Whatever further protest Eshan was going to make was drowned out as other retainers turned their anger on Miach.
“This is an outrage! Seggerat deserves the utmost respect!”
“You have no right to keep us from our residence!”
The outcry continued for some moments before Eshan shoved his way to the front.
“You cannot bring it here. It is an abomination.”
“Ladies. Sirs.” Miach’s voice, laced with power, cut through the babble. “I remind you that you are here, we are all here, at the Queen’s grace. She has charged me to learn the truth of this death and to use all available resources to do so.”
“It is a violation to bring it here.” Eshan spluttered the words, normally pale skin mottled red, lips trembling with the force of his feelings.
“The Lady Arrow has a commission from Preceptor Evellan and the Queen’s own command,” Kester said mildly.

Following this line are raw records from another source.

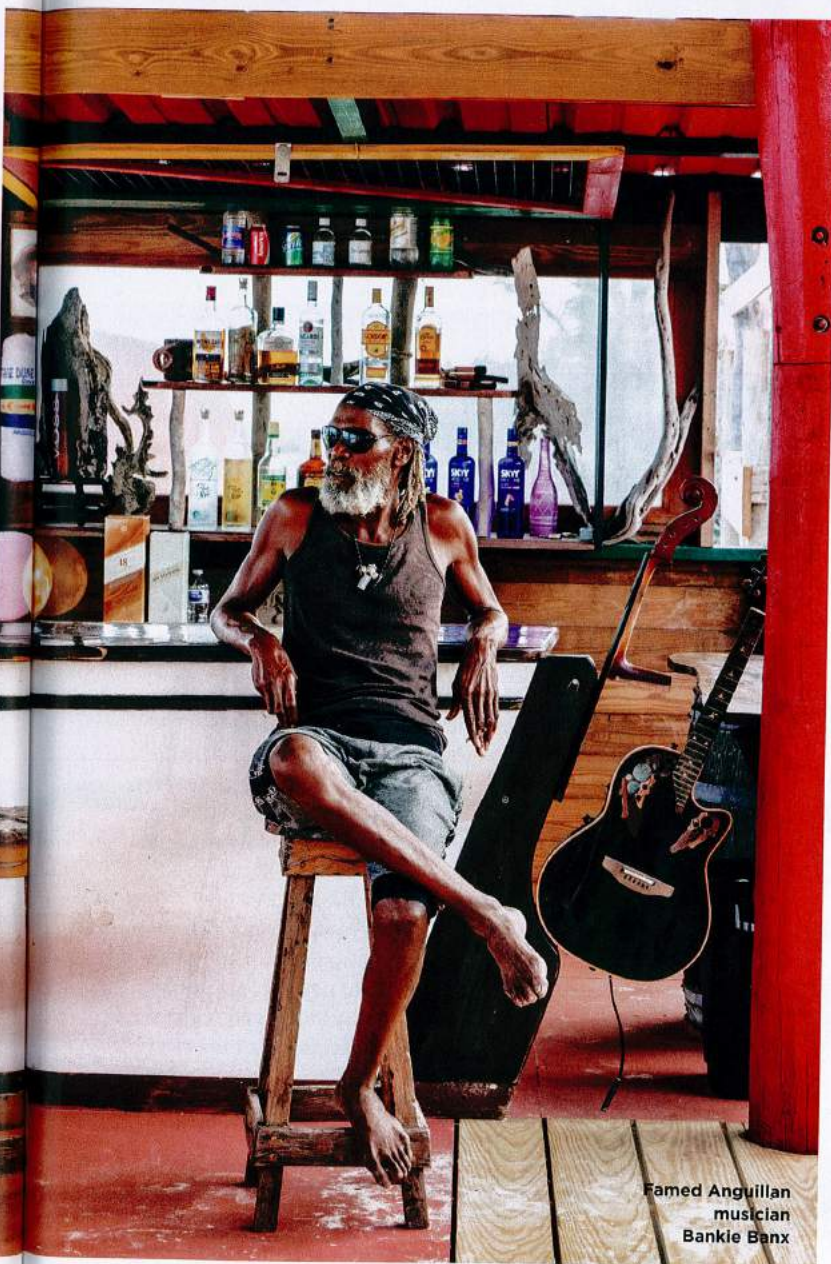
Famed Anguillian musician Bankie Banx

trees and power poles, making 90 percent of its roads impassable, leaving damages exceeding $190 million, and killing one resident.
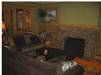
Beautiful Masonry Fireplace
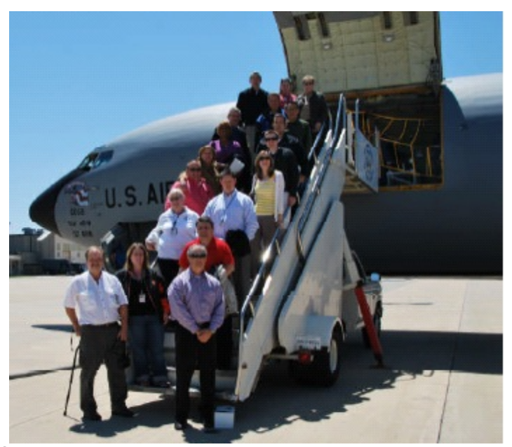
Oklahoma FEB Leadership Development Program Participants

FEBs identify and provide quality training opportunities, at low or no cost, to their Federal communities. Leveraging a large volume of multi-agency participants, FEBs obtain group rates achieving cost avoidance for their member agencies. Offering training options within the local commuting area further reduces costs associated with travel and lodging. In Fiscal Year 2012, FEBs provided training to 30,771 Federal employees at an estimated cost avoidance of $10,020,365.
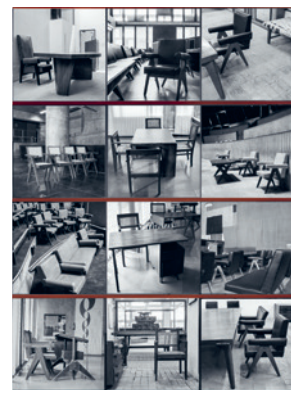
Dayanita Singh, Let's Talk Again, 2023 Teak panel and archival pigment prints, 12 parts, 45.7 × 45.7 cm each / 190.5 × 137 × 5 cm overall, photo: Courtesy the artist and Frith Street Gallery, London, © Dayanita Singh

Two-channel HD video projection on two transparent screens and 14-channel sound installation, color, 20:45 min, Courtesy the artist, still: Courtesy Galerie Chantal Crousel, Paris; Marian Goodman Gallery, New York; Hauser & Wirth, Zurich/London Courtesy the artist, © 2023, ProLitteris, Zurich
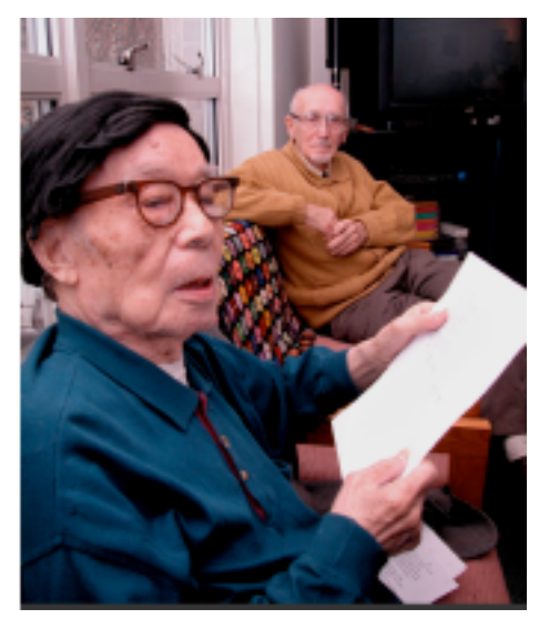
Oldest participant in the study—turned 101 during 2005—reading the poem he wrote to the Brooklyn site poetry group. These groups provide strong camaraderie.
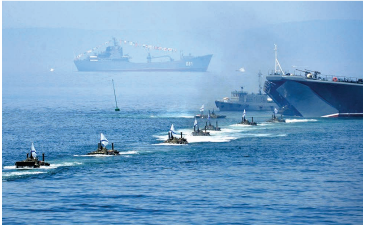
The Russian Marines mark the 309 th anniversary on 27 Nov, 2014.
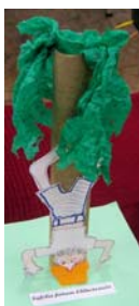
Best Use Of Yoga
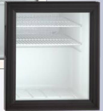
Black Metal Glass Door
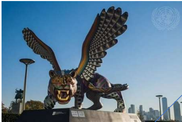
This statue was placed in front of the U.N. December 2021
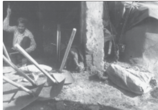
Work and Home
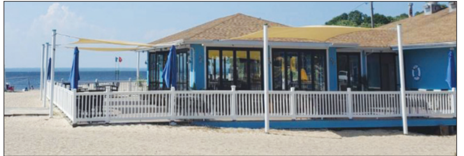
The former Blu Iguana on Tappan Beach

Eshan’s mouth dropped and his lips moved soundlessly for several moments.
“You … you are part of this, my lord?”
“Eshan,” Kester said, “stand aside. We want to find out what happened here as badly as you.”
Eshan did not in fact step aside, but allowed himself to be gently steered out of the way by Kester. Arrow and Orlis slipped past, Arrow’s ears burning at the narrowed glares she received from the rest of the House’s retainers and a few comments, muttered loudly enough to carry to even her dull hearing.